The following results are for the nine months ended September 30, 2013 compared to the nine months ended September 30, 2012.

  • Net sales were $5,633.3 million for the first nine months of 2013, compared to $4,934.9 million for the first nine months of 2012, an increase of 14.2%.  Acquisitions positively impacted sales by 14.9%, organic sales decreased 0.4%, and foreign exchange negatively impacted sales by 0.3%.

  • Gross profit of $1,169.3 million, or 20.8% of sales, for the first nine months of 2013 was up 70 basis points, compared to $994.1 million, or 20.1% of sales, for the first nine months of 2012.

  • SG&A expenses of $748.2 million, or 13.3% of sales, for the first nine months of 2013 decreased 60 basis points, compared to $685.1 million, or 13.9% of sales, for the first nine months of 2012.  SG&A expenses for the first nine months of 2013 include a $36.1 million favorable impact resulting from the recognition of insurance coverage relating to a litigation-related charge recorded in the fourth quarter of 2012.  Excluding the impact of this favorable item, SG&A expenses were $784.3 million, or 13.9% of sales, and excluding acquisitions, SG&A declined $3.5 million from the prior year.

  • Operating profit was $370.4 million for the first nine months of 2013, up 31.1% from $282.6 million for the comparable 2012 period.  Operating profit as a percentage of sales was 6.6% in 2013, up 90 basis points from 5.7% in 2012.  Excluding the favorable impact resulting from the recognition of insurance coverage on a litigation matter, operating profit was $334.3 million, or 5.9% of sales.

  • Interest expense for the first nine months of 2013 was $65.0 million, compared to $33.1 million for the first nine months of 2012.  Interest expense increased for the first nine months of 2013 due to the increase in indebtedness in late 2012 associated with the EECOL acquisition.  Non-cash interest expense, which includes convertible debt interest, interest related to uncertain tax positions, and the amortization of deferred financing fees, for the first nine months of 2013 and 2012 was $6.7 million and $0.8 million, respectively. 

  • Net income attributable to WESCO International, Inc. of $218.4 million for the first nine months of 2013 was up 24.6% from $175.3 million for the first nine months of 2012.  Excluding the impacts of the recognition of insurance coverage on a litigation matter and the loss on the sale of the Company's EECOL Electric Argentina operations, adjusted net income for the first nine months of 2013 was $197.1 million, compared to $175.3 million in the first nine months of 2012, an increase of 12.4%.   

  • The effective nine-month tax rate was 27.9% for 2013 compared to 29.8% for 2012.  Excluding the impact of the non-recurring items, the effective tax rate for the current year was 26.8%. 

  • Earnings per diluted share for the first nine months of 2013 were up 21.6% to $4.17 per share, based on 52.4 million diluted shares, versus $3.43 per share for the first nine months of 2012, based on 51.1 million diluted shares.  Excluding the impact of non-recurring items, adjusted earnings per diluted share in the first nine months of 2013 were $3.76, compared to $3.43 in the corresponding prior year period and increased 9.6%.

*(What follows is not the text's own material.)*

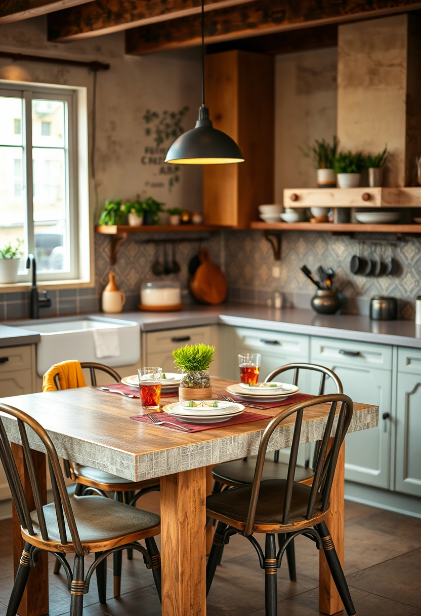 This chic kitchen artfully blends contemporary and vintage designs, featuring a polished concrete countertop paired with intricate tile work. A rustic dining table set for a meal, surrounded by mismatched chairs, creates an inviting gathering space.
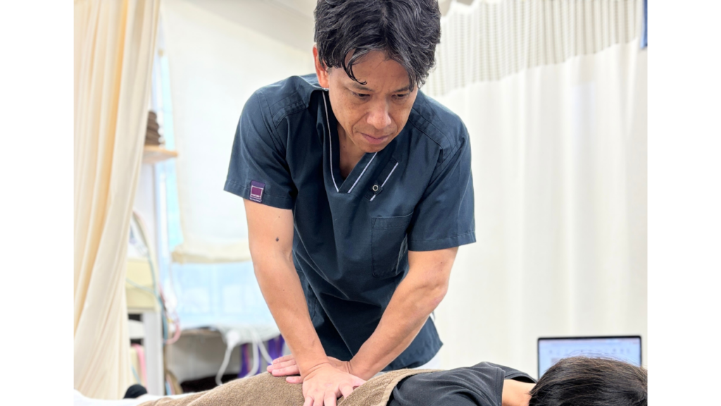 大津市の梅田整骨院では、姿勢や筋肉の状態を確認しながら、体のバランスを整える施術を行っています。

  • Free cash flow for the nine months of 2013 was $180.3 million, or 83% of net income, compared to $170.1 million in the comparable prior year period.  Excluding the impact of non-recurring items, free cash flow was 91% of adjusted net income for the first nine months of 2013.   

Mr. Engel continued, "As consolidation and outsourcing continues in our industry, customers are looking for a one-stop-shop to manage their global supply chain needs.  Our One WESCO value proposition provides customers with the comprehensive product and service solutions they need to meet their MRO, OEM and Capital Project management requirements.  We are encouraged with the accelerating momentum of our One WESCO initiatives, and are continuing to make investments in our people, our processes, and our business."